#### The data:
***
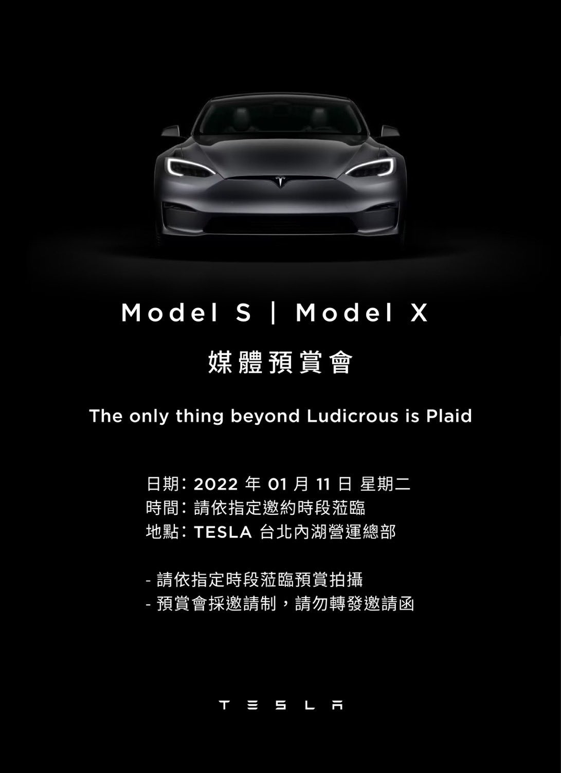 According to an invitation to a private viewing event at Tesla’s Taiwan headquarters in Taipei received by Tesla Owners Taiwan founder Michael Hsu (@hschumacher), Plaid variants of both vehicles be on display.
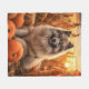 Aproveche el encanto rústico de otoño con nuestra impresionante manta mostrando un Keeshond en un campo de cosecha mientras el sol se pone de fondo.
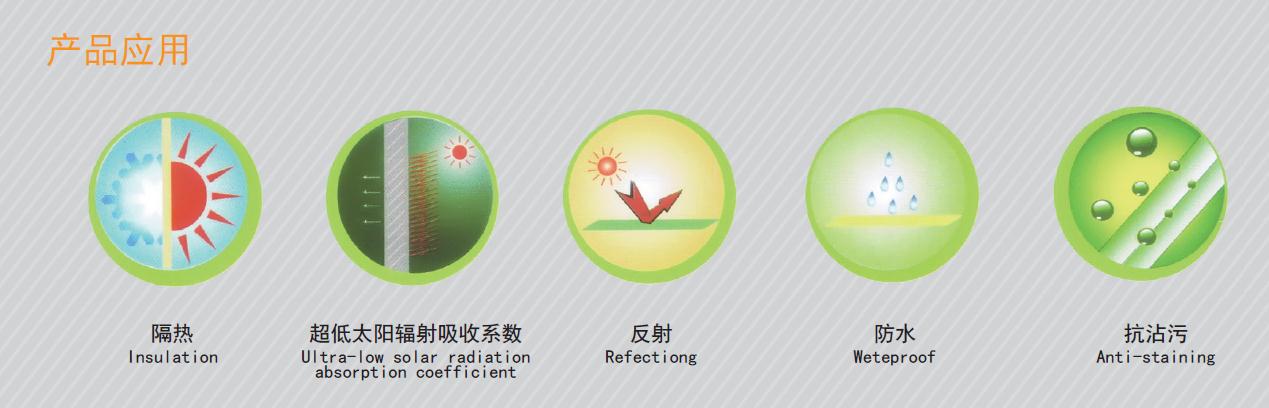 使用前應先閱讀使用說明書,以獲得可靠和滿意的塗裝效果 。必須存放於(yú)陰涼幹爽的地方,嚴防霜凍(不低於(yú)零攝氏度 ),保質期爲12個月。本品爲水性塗料,不得與各類溶劑型材料同時施工。施工時應配戴面罩。如沾上眼睛 ,應及時用清水沖洗。施工後應立即用自來水沖洗工具。用後罐蓋應蓋緊密封保存,以防塗料沾 染灰塵和污垢。 産(chǎn)品應用 建築用反射隔熱塗料是指以合成樹脂爲基料,與功能性顔填料及助劑等配料而成,施塗於(yú)建築物表面,具有較高太陽光反射比(反射的和入射的太陽輻射能通量之比值)和較高半球發射率(實際物體發射到半 期空進的輻射通理與入射在物體表面上的輻射通量之比)塗料。
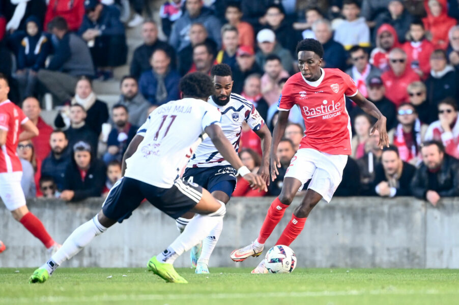 12 Lamine FOMBA (no) during the Ligue 2 BKT match between Nimes Olympique and Girondins de Bordeaux at Stade des Costieres on November 5, 2022 in Nimes, France. (Photo by Alexandre Dimou/FEP/Icon Sport) - Photo by Icon sport
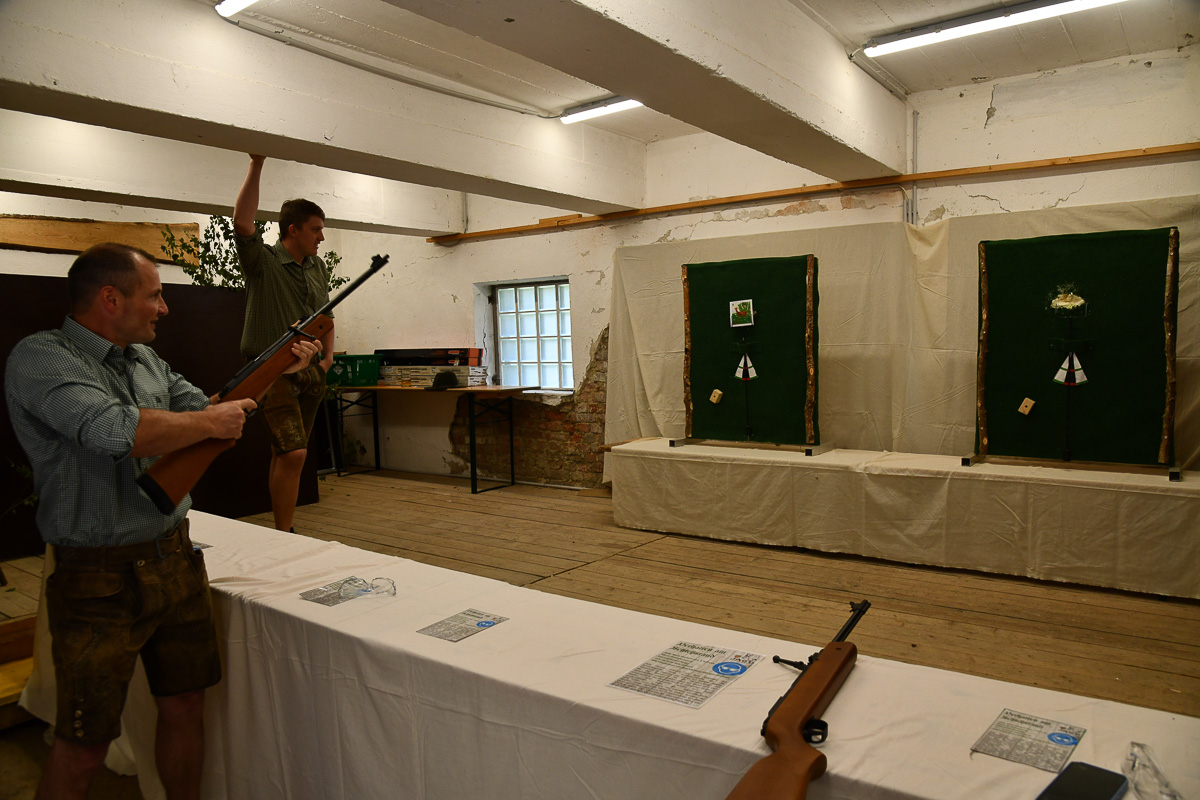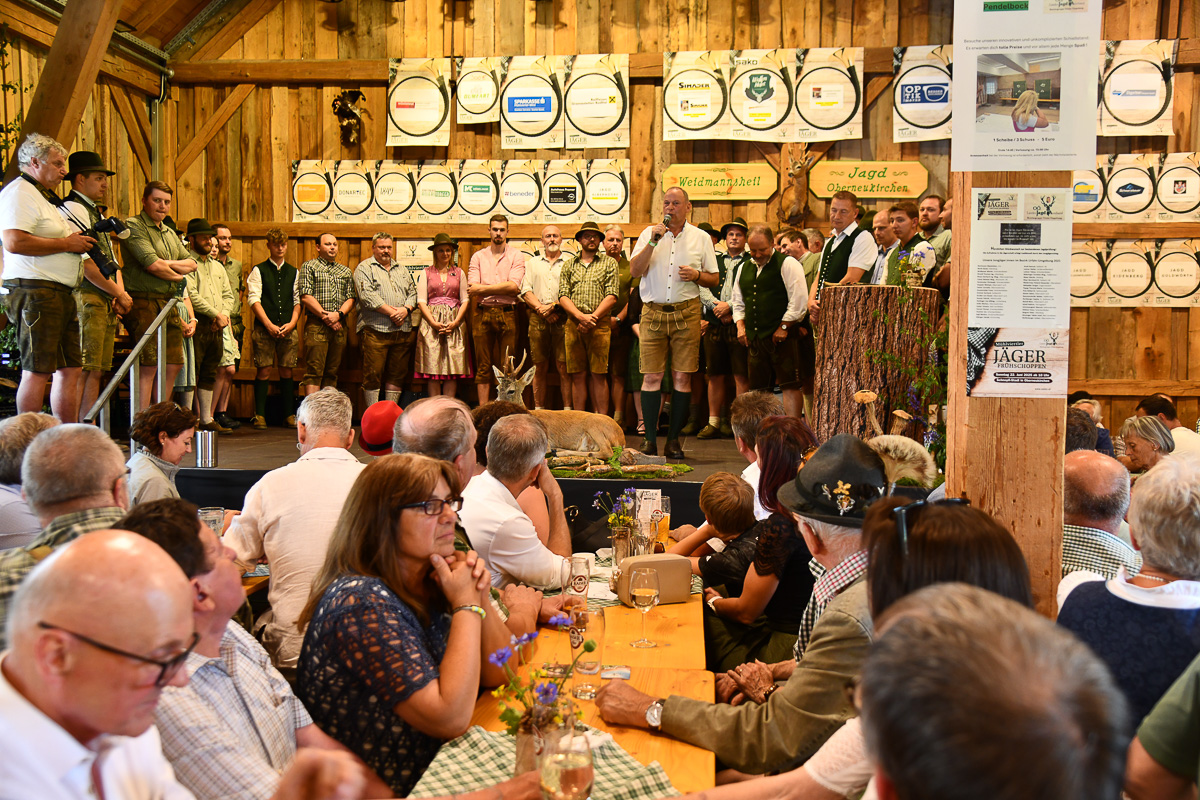 Die beliebte Jagd-Tombola sorgte für Begeisterung. Mit „Glücksengerl“ Lara wurden wertvolle Preise verlost, darunter die drei Hauptpreise: ein SAKO-Jagdgewehr von Waffen Hofer, ein Hochstand der ortsansässigen Firma SIMADER und ein Rehfutter-Automat der Jagd Puchenau sowie 10 Jagdeinladungen und weitere Preise und Gutscheine. Beim Zimmergewehrschießen auf den Pendelbock wurde die beste Treffsicherheit prämiert.
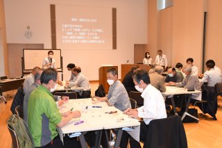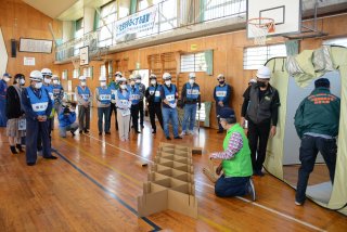 防災士から段ボールベッドの組み立て方を学ぶ参加者
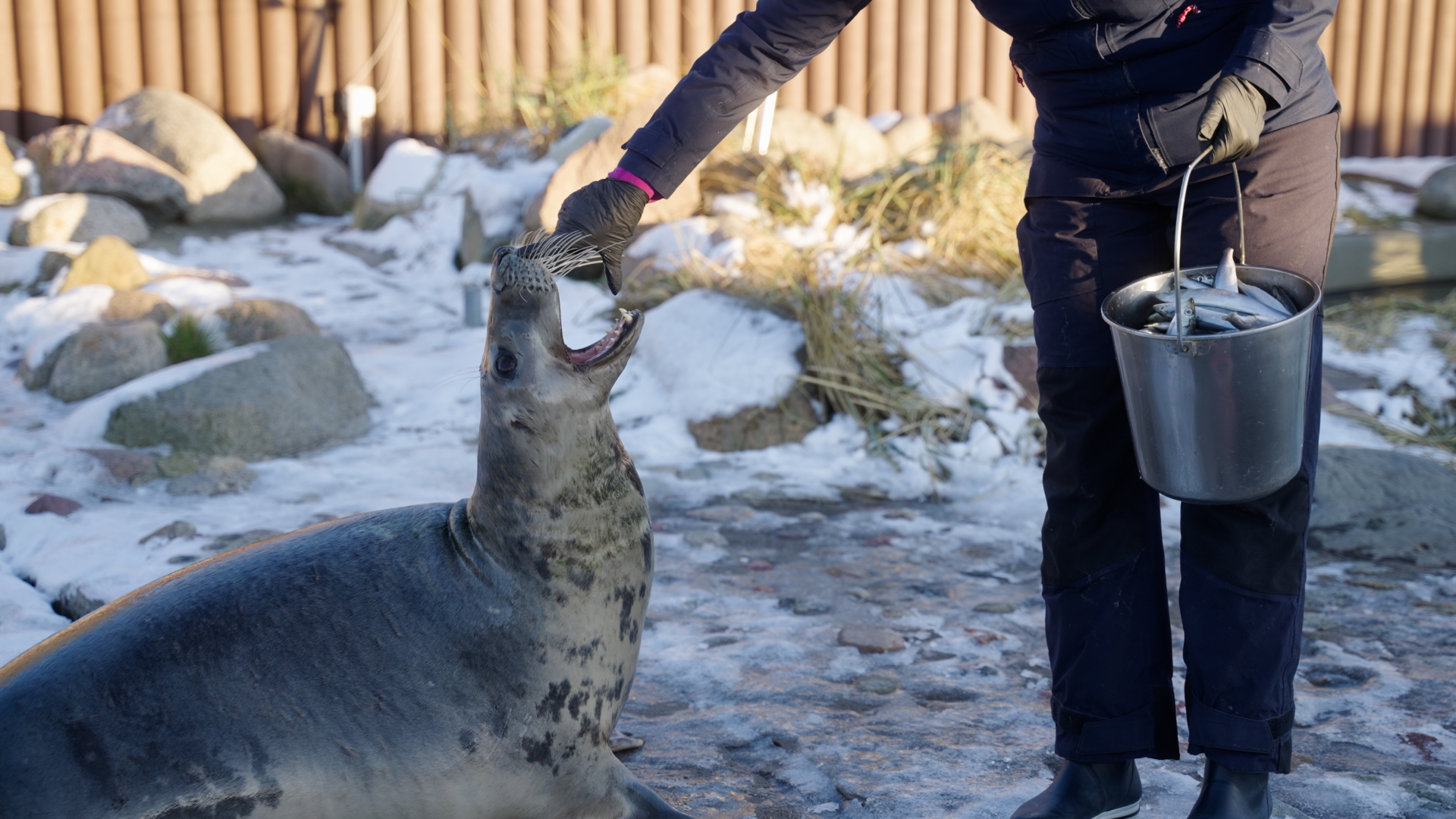 Fokarium będące częścią Stacji Morskiej działa już od ponad dwudziestu lat. Instytucja zajmuje się odtwarzaniem populacji oraz ochroną foki szarej w obszarze południowego Bałtyku. Obecnie w stadzie hodowlanym znajduje się pięciu rezydentów, a najstarszy z nich ma 37 lat. Do zadań opiekunów zwierząt oprócz monitorowania stanu zdrowia fok i dostarczania im pokarmu należy zapewnianie podopiecznym rozrywki oraz ruchu. Odbywa się to poprzez treningi medyczne, które organizowane są dwa razy dziennie. Dzięki takiej aktywności zwierzęta przyzwyczajają się do obecności człowieka. Pomaga to w przygotowaniu ich na późniejsze badania oraz ewentualne zabiegi. Dodatkowo treningi sprawiają, że foki pozostają w stałym ruchu i „pracują na rybę” nie odczuwając frustracji związanej z brakiem polowania.
***
#### Problem to solve:
Exact repeat, pictures omitted: give every line from the top of the records down to and including the line with "防災士から段ボールベッドの組み立て方を学ぶ参加者".

#### Your response:
 According to an invitation to a private viewing event at Tesla’s Taiwan headquarters in Taipei received by Tesla Owners Taiwan founder Michael Hsu (@hschumacher), Plaid variants of both vehicles be on display.
 Aproveche el encanto rústico de otoño con nuestra impresionante manta mostrando un Keeshond en un campo de cosecha mientras el sol se pone de fondo.
 使用前應先閱讀使用說明書,以獲得可靠和滿意的塗裝效果 。必須存放於(yú)陰涼幹爽的地方,嚴防霜凍(不低於(yú)零攝氏度 ),保質期爲12個月。本品爲水性塗料,不得與各類溶劑型材料同時施工。施工時應配戴面罩。如沾上眼睛 ,應及時用清水沖洗。施工後應立即用自來水沖洗工具。用後罐蓋應蓋緊密封保存,以防塗料沾 染灰塵和污垢。 産(chǎn)品應用 建築用反射隔熱塗料是指以合成樹脂爲基料,與功能性顔填料及助劑等配料而成,施塗於(yú)建築物表面,具有較高太陽光反射比(反射的和入射的太陽輻射能通量之比值)和較高半球發射率(實際物體發射到半 期空進的輻射通理與入射在物體表面上的輻射通量之比)塗料。
 12 Lamine FOMBA (no) during the Ligue 2 BKT match between Nimes Olympique and Girondins de Bordeaux at Stade des Costieres on November 5, 2022 in Nimes, France. (Photo by Alexandre Dimou/FEP/Icon Sport) - Photo by Icon sport
 Die beliebte Jagd-Tombola sorgte für Begeisterung. Mit „Glücksengerl“ Lara wurden wertvolle Preise verlost, darunter die drei Hauptpreise: ein SAKO-Jagdgewehr von Waffen Hofer, ein Hochstand der ortsansässigen Firma SIMADER und ein Rehfutter-Automat der Jagd Puchenau sowie 10 Jagdeinladungen und weitere Preise und Gutscheine. Beim Zimmergewehrschießen auf den Pendelbock wurde die beste Treffsicherheit prämiert.
 防災士から段ボールベッドの組み立て方を学ぶ参加者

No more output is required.